He had such a way with words, in fact, that he would destroy you in the cypher. (One can see why Miranda, a skilled rapper who’s long built a side-hustle from freestyles along with George Washington, would be intrigued by this quality in a founding father.) And, like Jay and Biggie did so often, Hamilton was just out here freestyling, unleashing his “slashing” style as a matter of course. (Lin-Manuel Miranda has said that he was drawn to the story in part because Hamilton reminded him of Tupac.)

At the White House performance, Miranda noted that Hamilton “caught beef with every other founding father, and all on the strength of his writing; I think he embodies the word’s ability to make a difference.” (He also had a close friend by the name of Hercules Mulligan, which is the best rap moniker that never was; Hercules Mulligan was kind of like Hamilton’s Beanie Siegel.)

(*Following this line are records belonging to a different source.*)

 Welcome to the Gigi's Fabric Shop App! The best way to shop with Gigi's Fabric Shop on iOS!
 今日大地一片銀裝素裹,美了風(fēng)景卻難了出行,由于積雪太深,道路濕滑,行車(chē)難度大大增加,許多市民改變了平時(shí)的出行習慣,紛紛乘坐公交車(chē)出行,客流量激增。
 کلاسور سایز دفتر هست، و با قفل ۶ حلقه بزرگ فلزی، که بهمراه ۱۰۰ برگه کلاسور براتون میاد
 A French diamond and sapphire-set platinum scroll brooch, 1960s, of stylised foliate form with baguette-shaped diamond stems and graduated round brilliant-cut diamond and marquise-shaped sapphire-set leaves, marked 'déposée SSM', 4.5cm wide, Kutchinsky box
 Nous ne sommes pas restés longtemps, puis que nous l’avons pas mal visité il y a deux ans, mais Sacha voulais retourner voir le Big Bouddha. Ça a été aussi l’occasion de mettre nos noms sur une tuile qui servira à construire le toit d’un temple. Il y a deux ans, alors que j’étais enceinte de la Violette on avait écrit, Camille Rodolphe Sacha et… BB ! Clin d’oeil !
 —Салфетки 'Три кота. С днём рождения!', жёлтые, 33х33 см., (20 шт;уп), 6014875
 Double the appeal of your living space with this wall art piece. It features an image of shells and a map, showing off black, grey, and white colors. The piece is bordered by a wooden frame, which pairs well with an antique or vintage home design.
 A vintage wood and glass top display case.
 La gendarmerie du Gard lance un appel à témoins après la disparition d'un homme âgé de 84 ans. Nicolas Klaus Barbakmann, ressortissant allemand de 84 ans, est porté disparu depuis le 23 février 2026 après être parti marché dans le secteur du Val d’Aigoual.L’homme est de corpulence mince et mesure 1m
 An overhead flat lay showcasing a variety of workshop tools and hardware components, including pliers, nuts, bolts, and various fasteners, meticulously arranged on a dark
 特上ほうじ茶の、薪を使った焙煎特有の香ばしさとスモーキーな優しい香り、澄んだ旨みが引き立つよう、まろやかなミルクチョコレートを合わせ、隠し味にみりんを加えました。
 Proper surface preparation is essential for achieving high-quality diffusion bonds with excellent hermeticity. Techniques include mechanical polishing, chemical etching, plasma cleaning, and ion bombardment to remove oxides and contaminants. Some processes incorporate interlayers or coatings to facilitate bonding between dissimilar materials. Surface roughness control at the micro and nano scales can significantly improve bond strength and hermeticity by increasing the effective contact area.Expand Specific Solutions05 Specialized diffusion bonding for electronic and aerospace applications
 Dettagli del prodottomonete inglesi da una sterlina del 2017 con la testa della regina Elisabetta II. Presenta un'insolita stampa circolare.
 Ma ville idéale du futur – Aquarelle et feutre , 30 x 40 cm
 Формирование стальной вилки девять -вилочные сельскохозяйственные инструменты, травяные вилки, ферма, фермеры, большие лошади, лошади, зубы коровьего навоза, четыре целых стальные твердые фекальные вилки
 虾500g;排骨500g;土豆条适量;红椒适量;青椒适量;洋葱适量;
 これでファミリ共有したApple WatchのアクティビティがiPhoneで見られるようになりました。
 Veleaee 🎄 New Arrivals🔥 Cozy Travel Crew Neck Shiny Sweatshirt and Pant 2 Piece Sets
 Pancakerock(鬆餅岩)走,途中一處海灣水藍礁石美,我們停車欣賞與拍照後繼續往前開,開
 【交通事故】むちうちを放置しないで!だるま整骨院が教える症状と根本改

For me, though, there was one very specific passage in Alexander Hamilton that was my eureka moment—the passage that made me realize what really compelled Miranda to go in such an non-obvious direction with it. It’s very short and, really, encompasses the feasibly small group of people whose interests include both reading historical texts figuring out how a nerdy freestyler from uptown would think to turn them into a musical, and Mobb Deep. (Thus far this is a group of one, but holler if ya hear me.) It is this:

With peculiar zeal, [Hamilton] collected money owed to the firm. “Believe me Sir,” he assured the absent Cruger, “I dun as hard as is proper.”

“I dun,” wrote Alexander Hamilton, “as hard as is proper.”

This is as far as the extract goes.